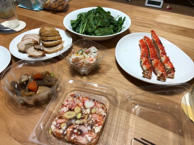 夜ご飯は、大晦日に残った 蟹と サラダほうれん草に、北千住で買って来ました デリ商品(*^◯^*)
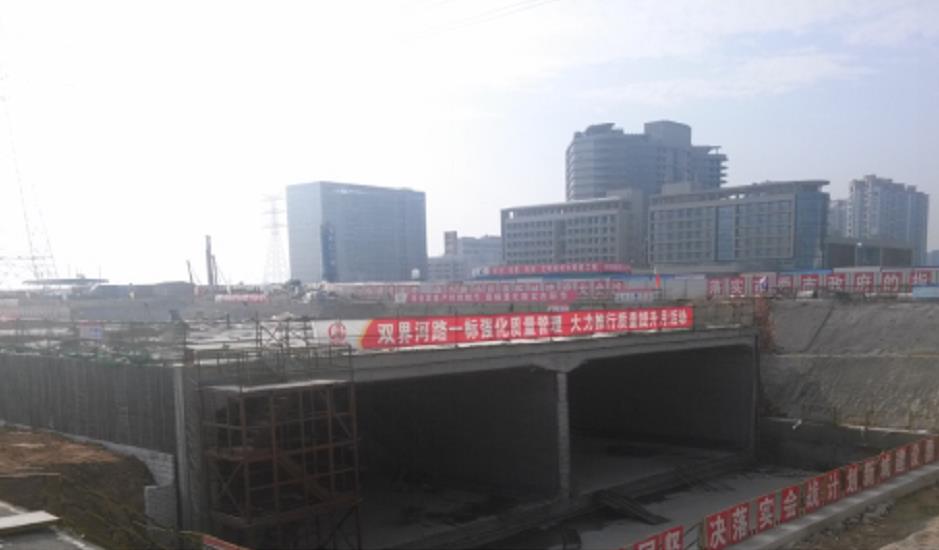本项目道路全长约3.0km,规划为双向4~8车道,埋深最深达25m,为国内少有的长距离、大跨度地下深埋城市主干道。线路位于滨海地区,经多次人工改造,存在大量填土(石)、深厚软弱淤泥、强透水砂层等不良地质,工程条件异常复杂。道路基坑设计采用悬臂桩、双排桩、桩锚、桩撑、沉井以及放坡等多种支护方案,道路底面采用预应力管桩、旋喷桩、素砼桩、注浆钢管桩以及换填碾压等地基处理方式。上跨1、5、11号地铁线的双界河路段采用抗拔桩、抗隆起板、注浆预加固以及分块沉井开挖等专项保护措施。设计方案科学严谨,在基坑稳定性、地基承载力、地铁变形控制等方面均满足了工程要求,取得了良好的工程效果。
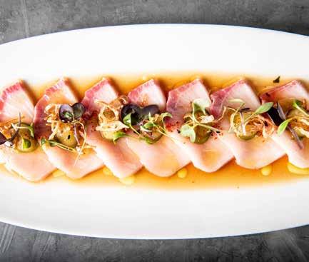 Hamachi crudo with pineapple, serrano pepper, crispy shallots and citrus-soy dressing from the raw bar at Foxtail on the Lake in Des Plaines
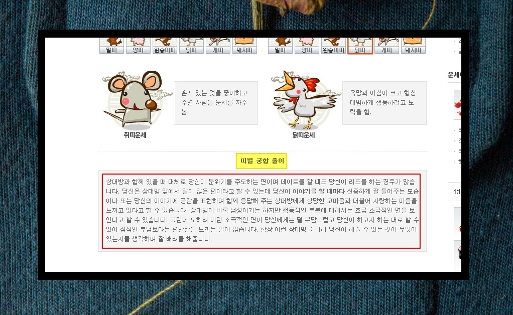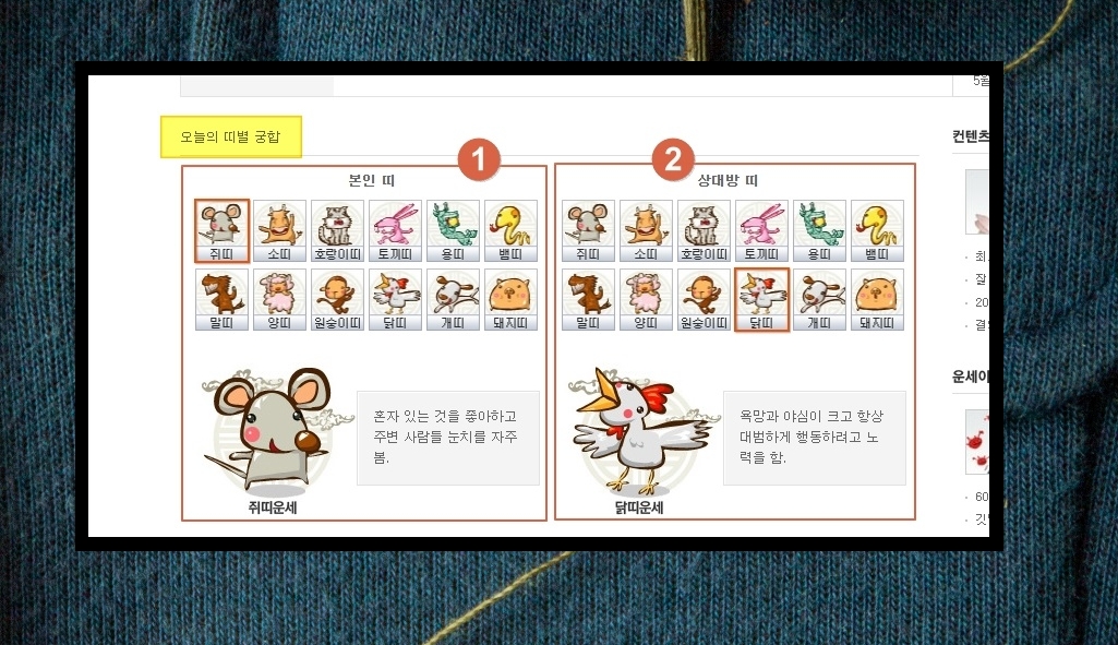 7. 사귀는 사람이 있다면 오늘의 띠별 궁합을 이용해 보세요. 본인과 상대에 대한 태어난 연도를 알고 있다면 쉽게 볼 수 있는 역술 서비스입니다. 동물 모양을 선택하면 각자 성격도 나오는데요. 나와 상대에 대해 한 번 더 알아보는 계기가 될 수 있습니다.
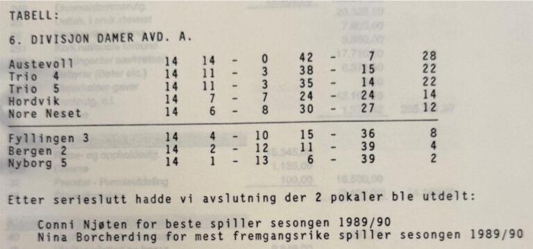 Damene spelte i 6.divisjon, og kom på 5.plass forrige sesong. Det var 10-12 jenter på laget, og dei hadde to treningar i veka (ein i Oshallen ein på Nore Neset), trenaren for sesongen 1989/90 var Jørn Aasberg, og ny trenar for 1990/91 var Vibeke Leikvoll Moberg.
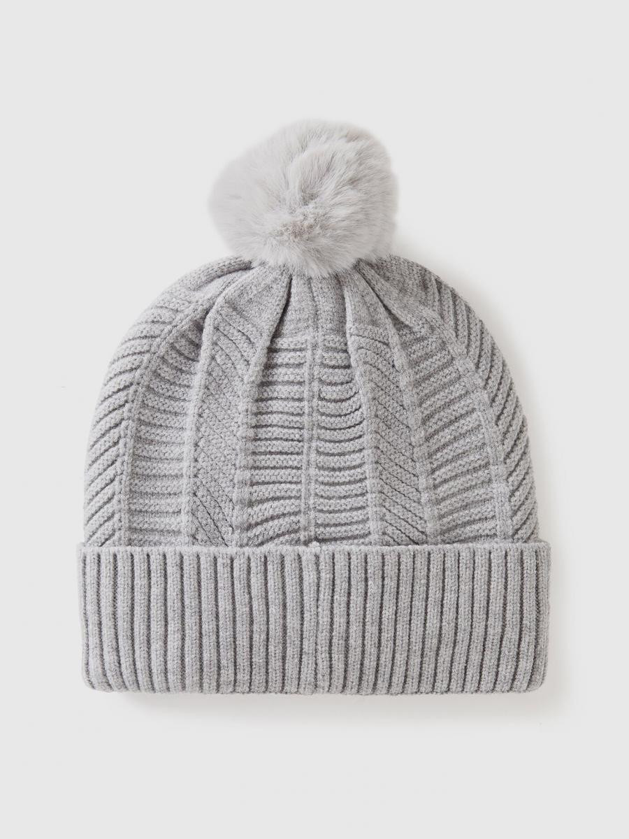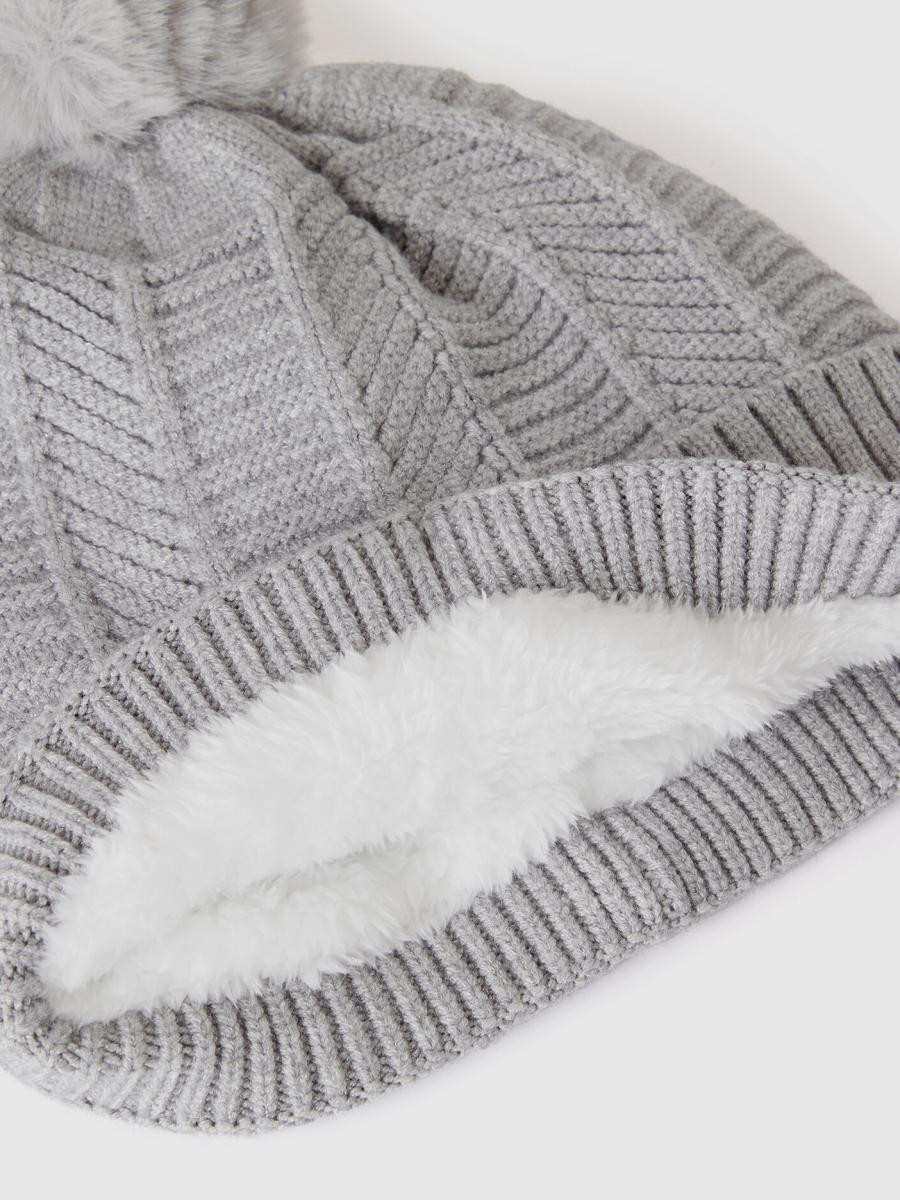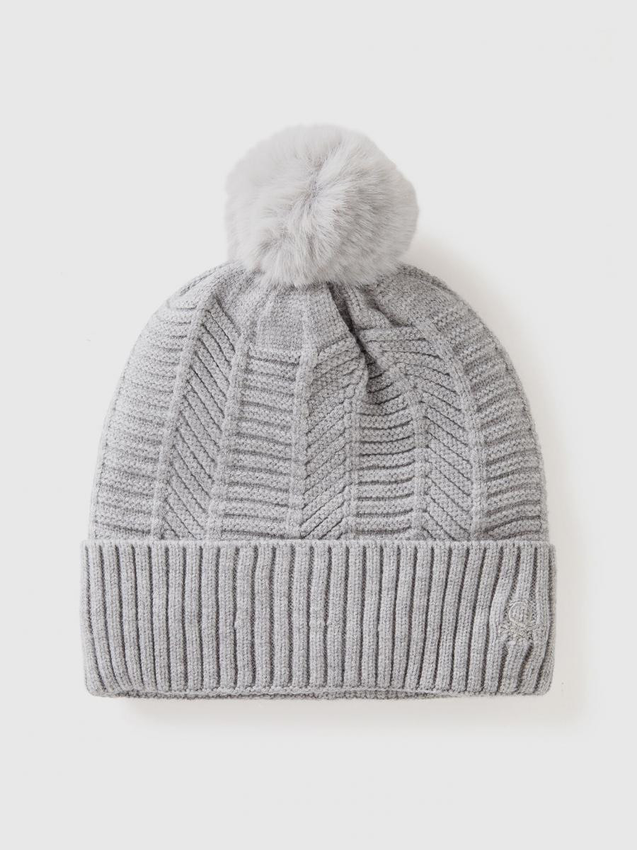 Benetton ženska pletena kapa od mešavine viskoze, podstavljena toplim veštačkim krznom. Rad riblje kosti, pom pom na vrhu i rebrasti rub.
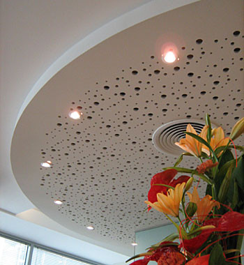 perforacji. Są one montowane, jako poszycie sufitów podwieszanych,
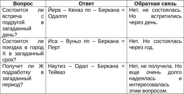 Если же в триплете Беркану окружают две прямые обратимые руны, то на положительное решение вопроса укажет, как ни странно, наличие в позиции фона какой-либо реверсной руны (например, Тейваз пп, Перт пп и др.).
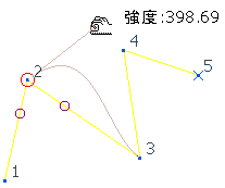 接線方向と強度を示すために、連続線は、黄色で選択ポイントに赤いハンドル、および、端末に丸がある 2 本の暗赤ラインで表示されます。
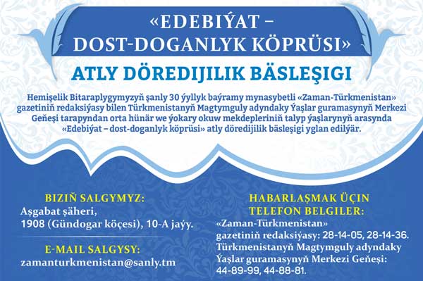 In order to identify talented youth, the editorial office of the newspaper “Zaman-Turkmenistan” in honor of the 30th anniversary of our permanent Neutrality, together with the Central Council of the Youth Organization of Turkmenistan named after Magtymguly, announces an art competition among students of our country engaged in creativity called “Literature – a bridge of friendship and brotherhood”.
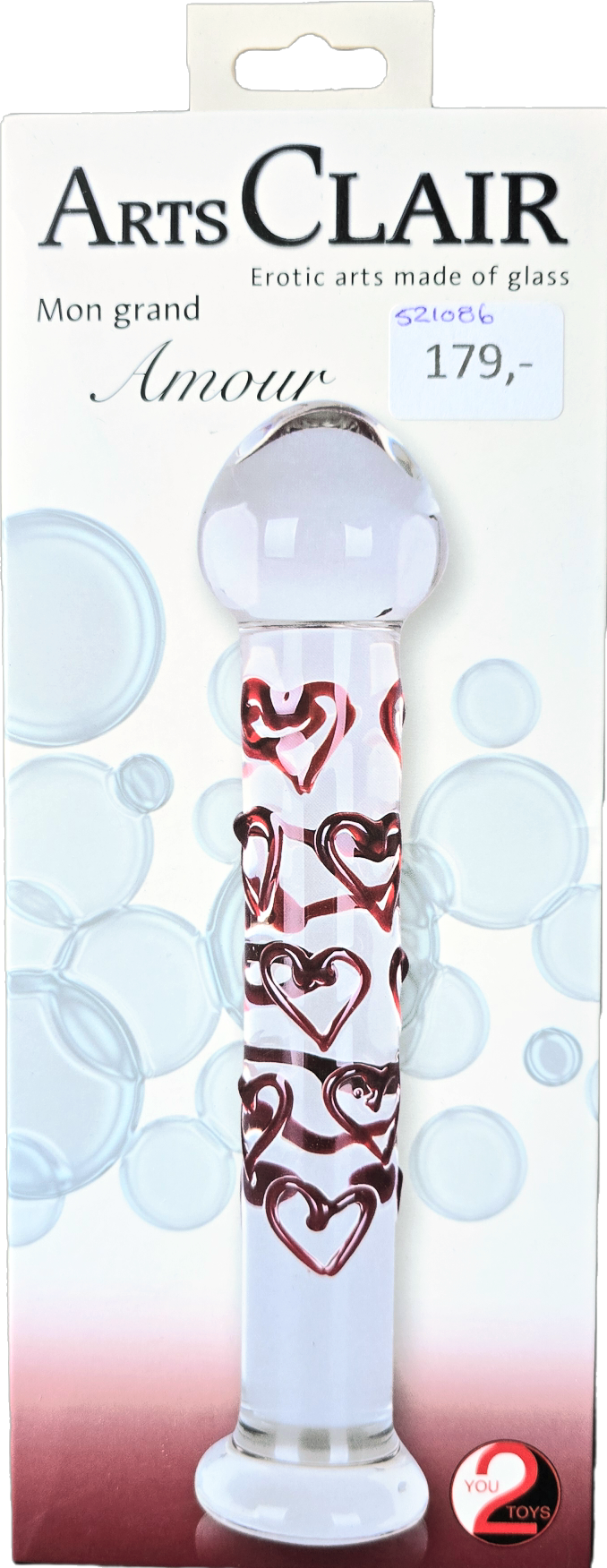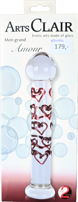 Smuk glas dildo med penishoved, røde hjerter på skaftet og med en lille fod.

=-=-=-=-=

Please give back every line above exactly as it stands, without pictures.

# WRITTEN REPLY:
 夜ご飯は、大晦日に残った 蟹と サラダほうれん草に、北千住で買って来ました デリ商品(*^◯^*)
本项目道路全长约3.0km,规划为双向4~8车道,埋深最深达25m,为国内少有的长距离、大跨度地下深埋城市主干道。线路位于滨海地区,经多次人工改造,存在大量填土(石)、深厚软弱淤泥、强透水砂层等不良地质,工程条件异常复杂。道路基坑设计采用悬臂桩、双排桩、桩锚、桩撑、沉井以及放坡等多种支护方案,道路底面采用预应力管桩、旋喷桩、素砼桩、注浆钢管桩以及换填碾压等地基处理方式。上跨1、5、11号地铁线的双界河路段采用抗拔桩、抗隆起板、注浆预加固以及分块沉井开挖等专项保护措施。设计方案科学严谨,在基坑稳定性、地基承载力、地铁变形控制等方面均满足了工程要求,取得了良好的工程效果。
 Hamachi crudo with pineapple, serrano pepper, crispy shallots and citrus-soy dressing from the raw bar at Foxtail on the Lake in Des Plaines
 7. 사귀는 사람이 있다면 오늘의 띠별 궁합을 이용해 보세요. 본인과 상대에 대한 태어난 연도를 알고 있다면 쉽게 볼 수 있는 역술 서비스입니다. 동물 모양을 선택하면 각자 성격도 나오는데요. 나와 상대에 대해 한 번 더 알아보는 계기가 될 수 있습니다.
 Damene spelte i 6.divisjon, og kom på 5.plass forrige sesong. Det var 10-12 jenter på laget, og dei hadde to treningar i veka (ein i Oshallen ein på Nore Neset), trenaren for sesongen 1989/90 var Jørn Aasberg, og ny trenar for 1990/91 var Vibeke Leikvoll Moberg.
 Benetton ženska pletena kapa od mešavine viskoze, podstavljena toplim veštačkim krznom. Rad riblje kosti, pom pom na vrhu i rebrasti rub.
 perforacji. Są one montowane, jako poszycie sufitów podwieszanych,
 Если же в триплете Беркану окружают две прямые обратимые руны, то на положительное решение вопроса укажет, как ни странно, наличие в позиции фона какой-либо реверсной руны (например, Тейваз пп, Перт пп и др.).
 接線方向と強度を示すために、連続線は、黄色で選択ポイントに赤いハンドル、および、端末に丸がある 2 本の暗赤ラインで表示されます。
 In order to identify talented youth, the editorial office of the newspaper “Zaman-Turkmenistan” in honor of the 30th anniversary of our permanent Neutrality, together with the Central Council of the Youth Organization of Turkmenistan named after Magtymguly, announces an art competition among students of our country engaged in creativity called “Literature – a bridge of friendship and brotherhood”.
 Smuk glas dildo med penishoved, røde hjerter på skaftet og med en lille fod.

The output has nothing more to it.